After running the profiler on the tool, I found that over 70% of the
runtime was being taken up in the scanner (the function actually scanning
tokens from the file). So, I decided to start there.
The scanner is pretty straightforward. I precompiled patterns using qr//o
with all the reserved keywords and special patterns for tokens in the
language. I reused these patterns in m// like so:
#
# Precompile patterns.
#
my $INTEGER = qr/(-?\d+)/o;
....
....
....
elsif (/\G$INTEGER/ogc) {
return [ 'INTEGER', $1 ];
}
There are many such patterns like this, some of them quite a bit more
complicated than integers. I used /gc and the assertion \G in all the
patterns since this was mentioned in the Perl documentation for writing
lex-like scanners.
For file I/O, I snarfed the entire contents into a scalar by adjusting $/:
sub read_file {
if (open FILE, '<', $_[0]) {
local $/ = undef;
my $data = <FILE>;
\$data;
}
}
Using this method seems popular among Perl users and eliminates file i/o
issues from the programmer.
Unfortunately, the result of this combination was pretty sluggish
performance. To read a nominal file which involves considerable file
inclusion takes slightly over a minute of runtime. There is also quite a
bit of system overtime registered by the time(1) command.
The first thing I tried was to eliminate the reliance on the zero-width
assertion \G and /gc on the search. I changed all the calls from using m//
to using s// and just stripped off the leading text as I matched it. The
result of that was a fair amount of savings - around 35% runtime savings.
Encouraged by that result, I decided to take it one step further and
experiment with more traditional lexer file i/o techniques. I assumed Perl
just uses mmap() to read entire files into a scalar, but I'm not entirely
sure what happens behind the scenes without diving into the source.
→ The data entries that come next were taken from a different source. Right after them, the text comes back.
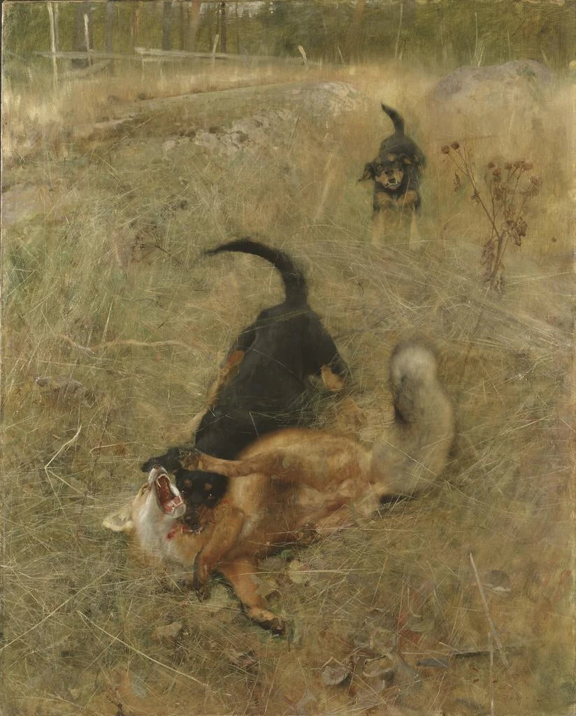 Liljefors' Werk zeichnet sich durch eine außergewöhnliche Beherrschung von Licht und Farbe aus. Das Spiel von Schatten und Licht erweckt die feinsten Details des Fuchshundes und des Fuchsfells zum Leben. Jeder Pinselstrich scheint voller Emotionen zu sein, enthüllt nicht nur die Textur der Tiere, sondern auch die umgebende Atmosphäre. Die gewählte Farbpalette, die zwischen warmen Tönen und kühleren Nuancen schwankt, evoziert den Übergang zwischen Tag und Nacht, einen Moment des Schwebezustands, in dem die Natur gleichzeitig ruhig und voller Spannung ist. Liljefors gelingt es, eine immersive Atmosphäre zu schaffen, in der sich der Betrachter fast eingeladen fühlt, an dieser Szene des wilden Lebens teilzunehmen. Sein Stil, zugleich realistisch und poetisch, zeugt von einem tiefen Verständnis für die Tierwelt und einem unerschütterlichen Respekt für ihren natürlichen Lebensraum.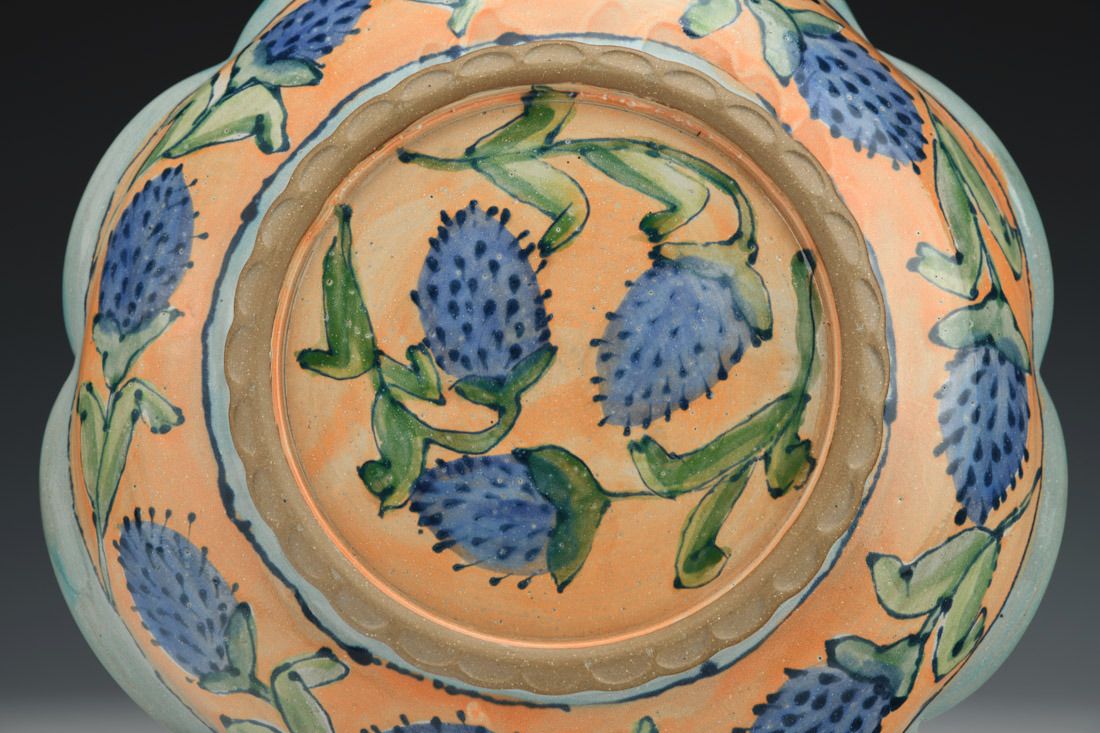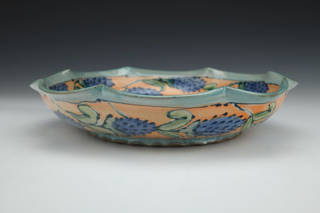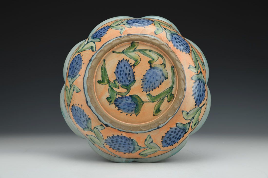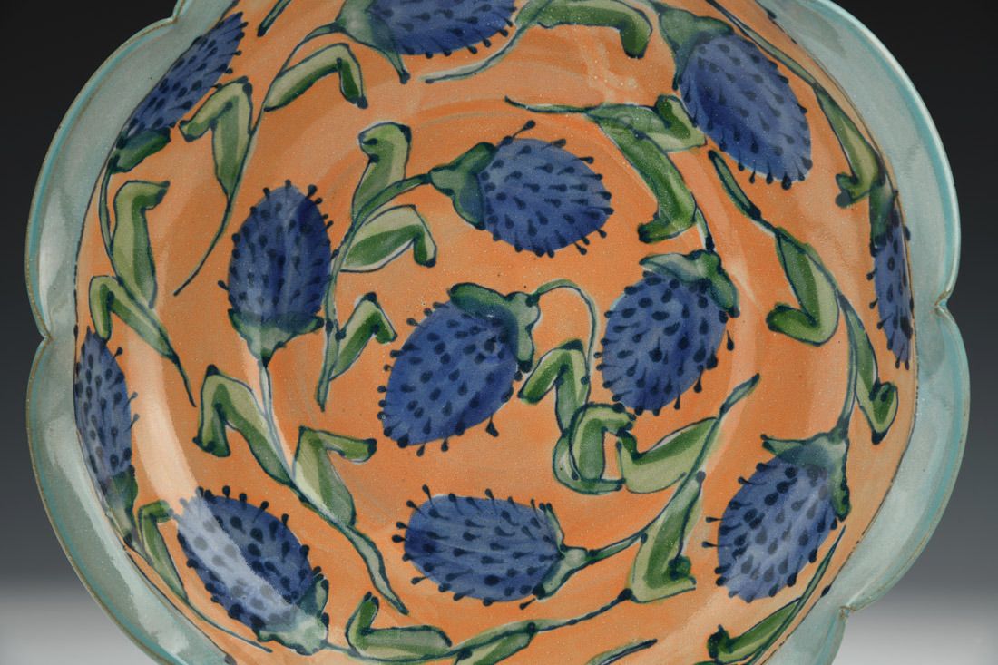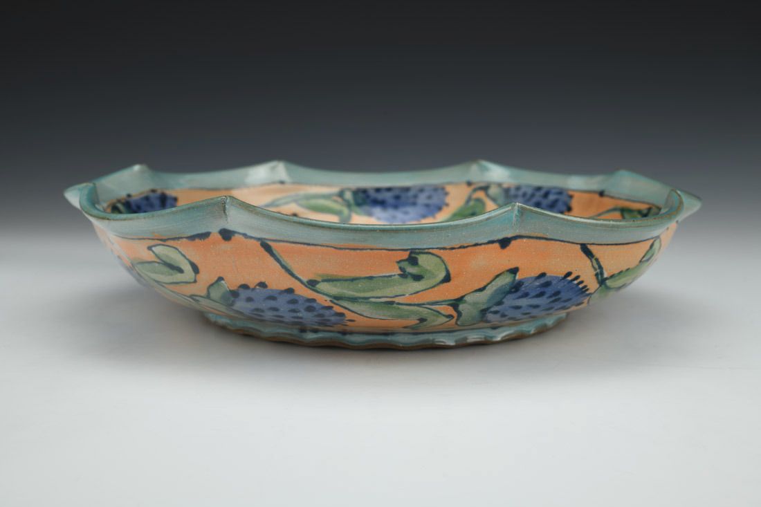 Red clay, wheel thrown, hand decorated, glazes, cone 6 eletric fired, 2.5 x 11 x 11 inches.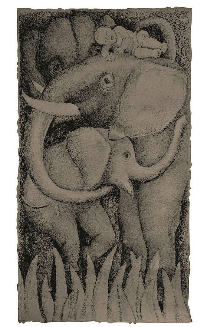 Marianne Manda bewundert die Vielfalt der Tierwelt als Teil der Schöpfung. Sie zeigt in ihren großformatigen Zeichnungen deren Macht und Schönheit. Sie erfindet Relationen von Mensch und Tier und träumt sich in eine paradiesische Welt, zeigt aber auch unsere menschlichen Grenzen.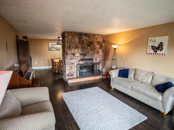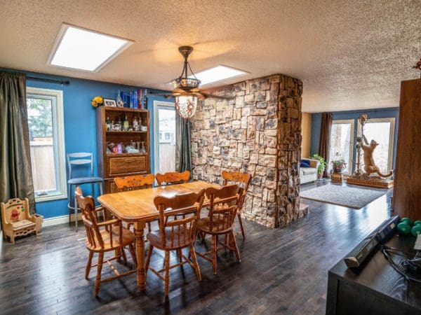 QUICK POSSESSION POSSIBLE! A one of a kind layout in this large & bright main floor living bungalow! It is a must see with a big loft perfect for a 4th bedroom, rec room or den! With quality updates throughout, including a maple kitchen with granite counter tops, slate appliances, eating nook and door leading to spacious deck for your entertaining, two updated bathrooms, a large foyer entrance with a staircase to the loft, updated hardwood, tile and carpet flooring throughout, two stunning wood burning stone fireplaces, cozy family room with three skylights, spacious & bright dining and living rooms, three large bedrooms on the main floor with the master having a walk in closet, three piece en-suite and doors leading to your private deck. Updates also include exterior vertical vinyl siding with extensive rock finishing, stamped concrete patio, large back yard deck, roof (2013), heat pump, central air, hot water heater (2012), new hot tub (2020) all on a quarter of an acre that’s private and fully fenced! (id:21318)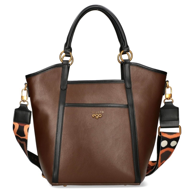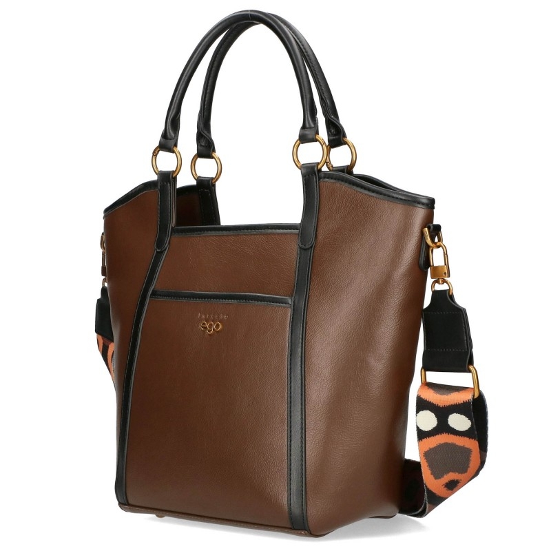 Тъмно кафява дамска чанта с дълги дръжки- EGO 11432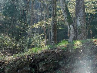 近くを見回せばまだ桜も残っていてカエデの花は咲いていません。うろちょろしていると、カエデと思しき巨大な倒木が何本か転がっています。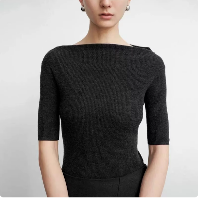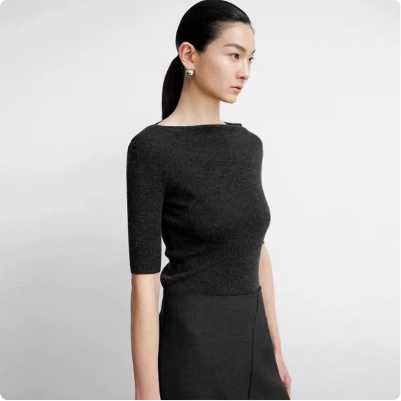 艾诺丝商场同款2025秋新款短袖针织衫女修身显瘦毛衫上衣AR803043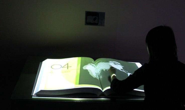 虛擬翻書,虛擬翻書實際上就是把信息內容投影到書型上,觀眾可以通過揮動手臂來達到翻書的效果,也可以選擇自己想讀的信息,既有科技感,又有大量的內存。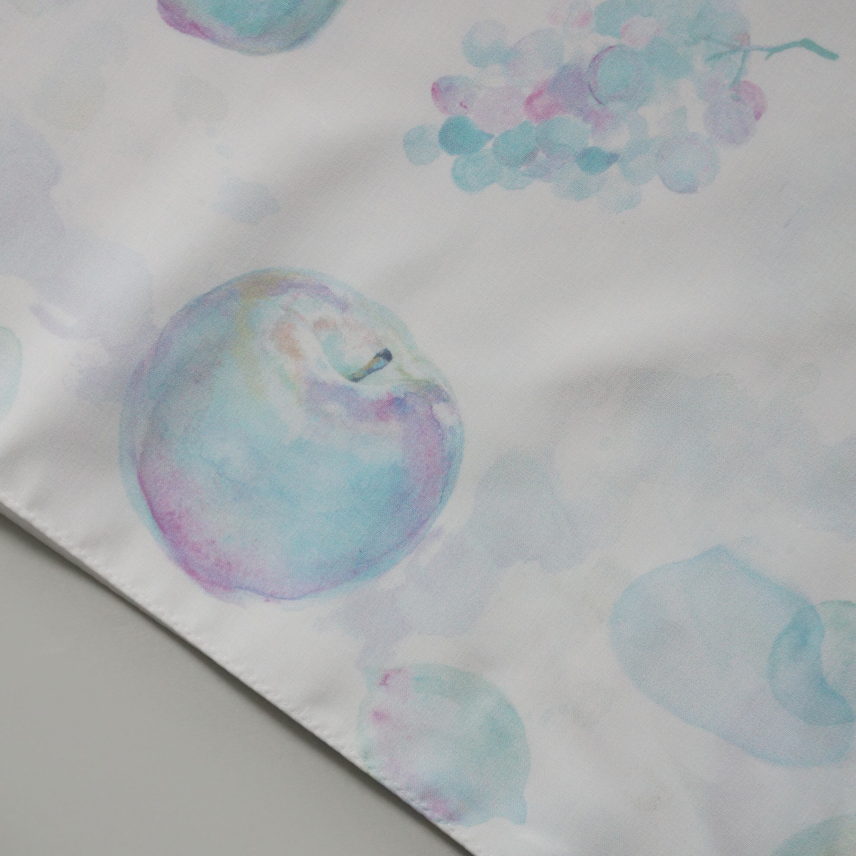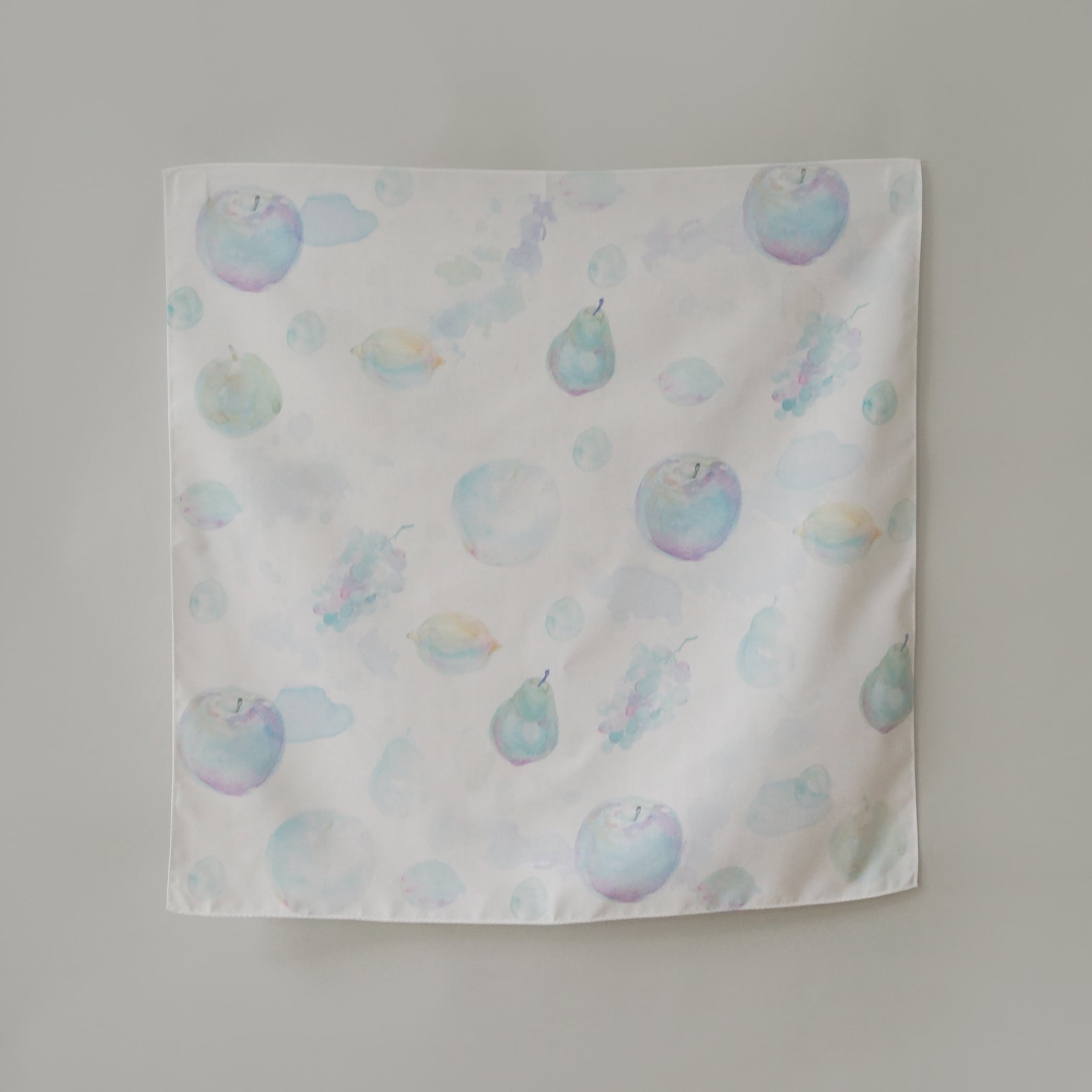 りんごやレモン、ぶどう、洋梨など果物をシャボン玉の泡のようなイメージで描きました。

I tried just opening the file and using Perl's read() call to snarf the
data in 8K chunks, using the following fill function:
sub fill {
my ($buf) = @_;
my $bufin;
$$buf[2] = (read($$buf[0], $bufin, 8192) != 8192);
$$buf[1] .= $bufin;
}
The buf object is an array triplet of a file descriptor, scalar containing
the file data currently read, and EOF indicator. Fill() isn't called until
the length of the current buffer has fallen below 256 characters. So, in
essence this just makes an assumption that no token is greater than 256
characters.
The result of this change produced dramatically better results. The
runtime dropped to no more than 15 seconds! Just to get a sense of how
much system call overhead there was, I ran strace on each of them:
-rw-r--r-- 1 clint users 8994621 Apr 16 17:00 /tmp/parse1.trc
-rw-r--r-- 1 clint users 3625534 Apr 16 17:00 /tmp/parse2.trc
-rw-r--r-- 1 clint users 976800 Apr 17 11:13 /tmp/parse3.trc
The first is the original program reading the entire file(s) in as scalars
and using the zero-width assertion (\G), the second was substituting s//
for m//gc, and the last was the change to the manual buffering. I'm pretty
shocked at the speed differences between these changes. I wouldn't call my
manual buffering very sophisticated, either. But it is certainly worth it
since it yields over a 75% speed improvement on average.
-Clint
hardware description language into something more industry standard, and
I've found some peculiar performance characteristics in Perl. Hopefully
someone can shed a bit more light on the subject. I've been using Perl
5.8.2, so my findings should be pretty relevant to current users.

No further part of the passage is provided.